A Look Inside ‘Ghost’ Distillery Brora, Which Has Re-Opened After 38 Years
A select group of whisky fans around the world gathered virtually yesterday (May 19) to witness Scotch whisky history in the making: the reopening of iconic ‘ghost’ distillery Brora in Sutherland, Scotland. The 202-year-old distillery shuttered its doors for good in 1983 after a challenging period in the whisky industry. Since then, it has gained legendary status with historic bottles such as the Brora 1972 Limited Edition 40-Year-Old, which was sold as part of Sotheby’s Ultimate Whisky Auction in 2019 for a record £54,450 (RM319,721).
Considered one of the lost icons of the whisky world, Diageo announced in 2017 its plans to bring back Brora Distillery through a massive £35 million (about RM206 million) investment plan that will also restore another acclaimed silent distillery, Port Ellen on Islay.
“We have gone to every effort to replicate, as closely as possible, the conditions, equipment and processes from Brora in 1983 in order to recreate the spirit for which the distillery is famous,” explained master distiller Stewart Bowman, who’s also the son of Brora’s last exciseman.
That said, the team rebuilt the Victorian-style distillery brick-by-brick using the original Brora stones and refurbished by hand the original pair of Brora stills to follow the distillery’s traditional distilling methods and replicate how it operated in the past. While the processes stay true to tradition, the new Brora has been transformed into a carbon-neutral site that's powered entirely by on-site renewable energy, to ensure a more sustainable future.
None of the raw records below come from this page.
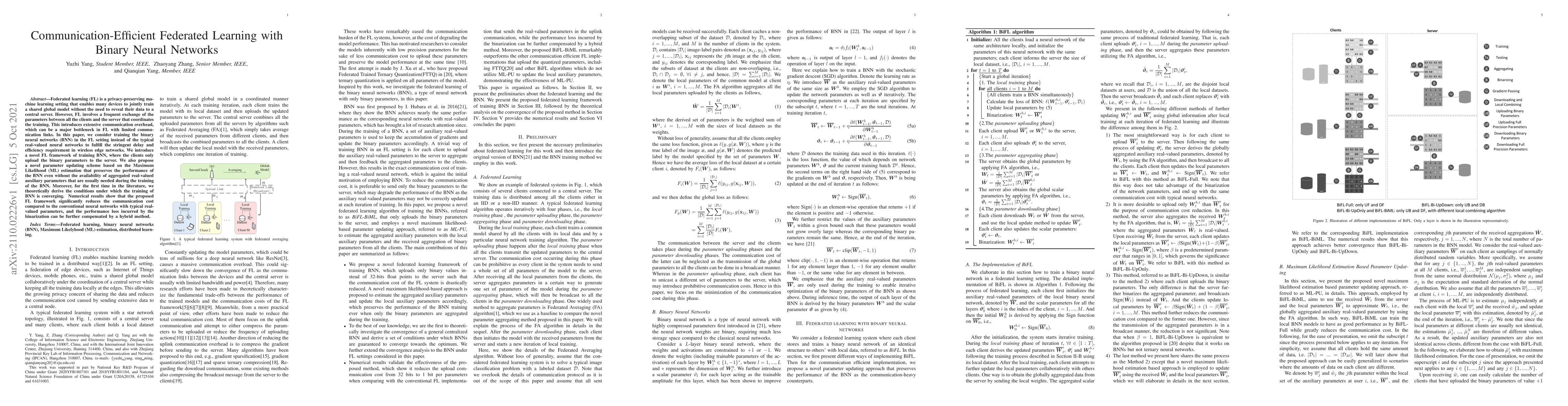 This paper proposes a communication-efficient federated learning framework for training binary neural networks (BNN) to reduce the communication overhead in wireless edge networks. The framework enables clients to upload only binary parameters, significantly reducing communication costs while maintaining performance through a novel Maximum Likelihood estimation-based parameter updating scheme.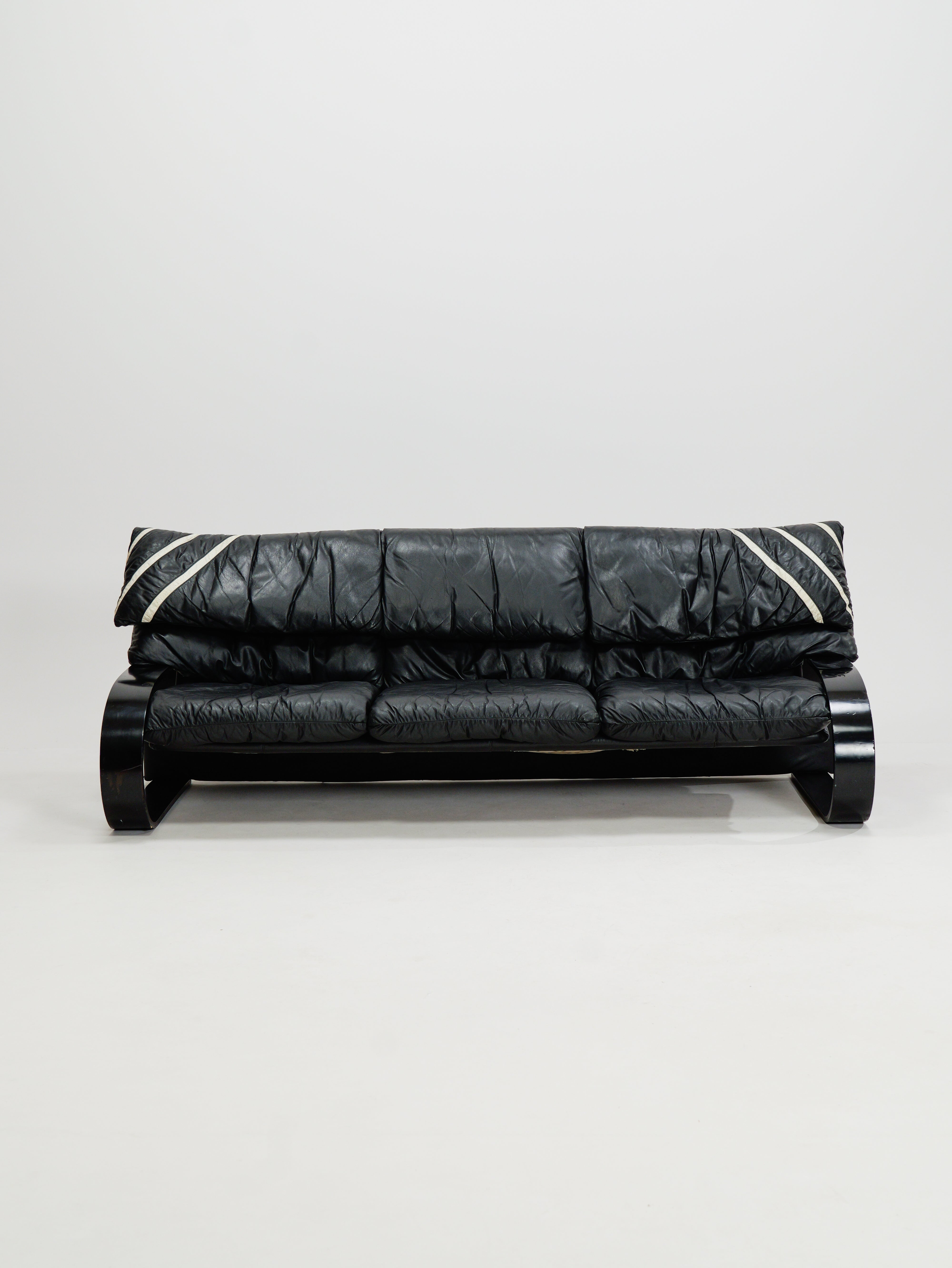 Italian Leather Three Seater Sofa by Coralba,1980s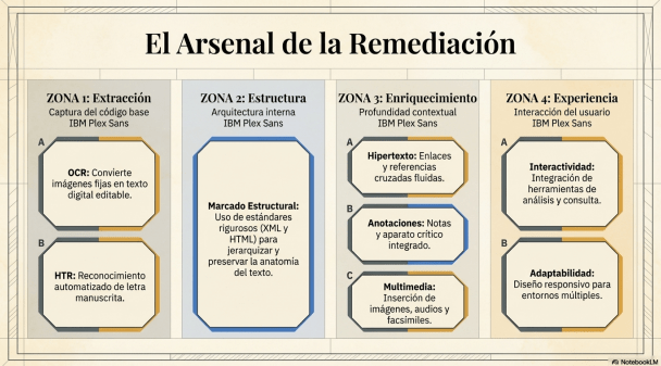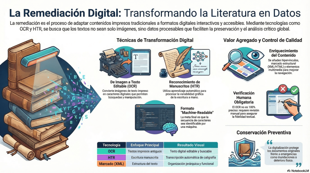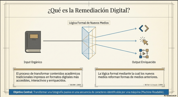 La remediación se define como el proceso de transformar y adaptar contenidos académicos tradicionales, como libros impresos, en formatos digitales más accesibles, interactivos y enriquecidos, permitiendo que la información sea identificable por una máquina. Su importancia radica en que aplica la lógica de los nuevos medios para reformar formas anteriores, convirtiendo imágenes capturadas en un formato legible por máquina (machine-readable form) a través de tecnologías como el OCR y el HTR.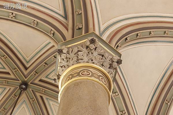 新哥特建築的特色是外觀保留哥特式建築的元素特色,裡面結構及功能卻是現代的,所以我們可以在中央咖啡館看到拱形天花板及廊柱,廊柱接頂的部分雕刻著簍空華麗的裝飾,是羅曼式建築的復古體現,店方以優雅來形容咖啡館的建築特色,我想是最佳形容了。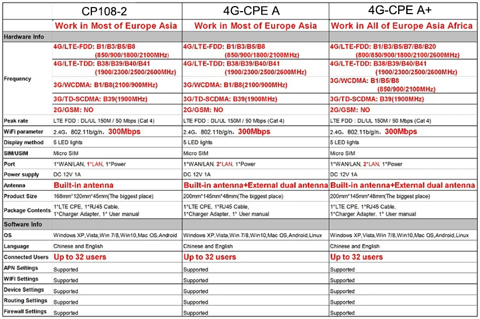 Пожалуйста, проверьте маршрутизатор, работает ли он с вашим оператором или нет, ознакомившись с приведенным ниже чатом. Если вы не в стране,Пожалуйста, позвоните своему оператору, чтобы получить частые полосы, которые он запускает илиПосмотрите на веб-сайт ниже.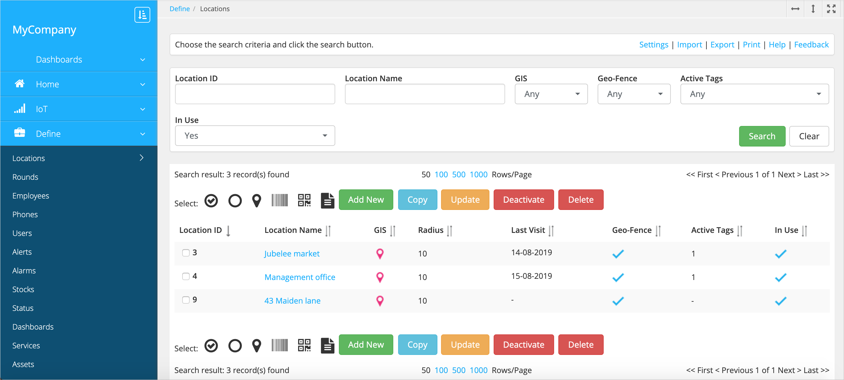 - The location status for information purposes. Statuses can be created on the page.

Now that it’s back in business, Brora will control its production of spirits by up to 800,000 litres a year. The distillery’s latest releases include the Brora Triptych, a trio of rare single malt whiskies that showcase the distillery’s distinct styles and storied heritage. Another offering that’s exclusive to its new home is The Brora Distillery Collection: Hidden Beneath, a Brora 1982 39-Year-Old.
From July onwards, the distillery will welcome small group of whisky enthusiasts to experience a new and enriched vision of the distillery. Added Bowman: “I want them to feel a connection to the past; to be able to understand the history of the place and to understand why we’ve put the distillery back together in the way that we have so that we can continue its legacy into future generations.”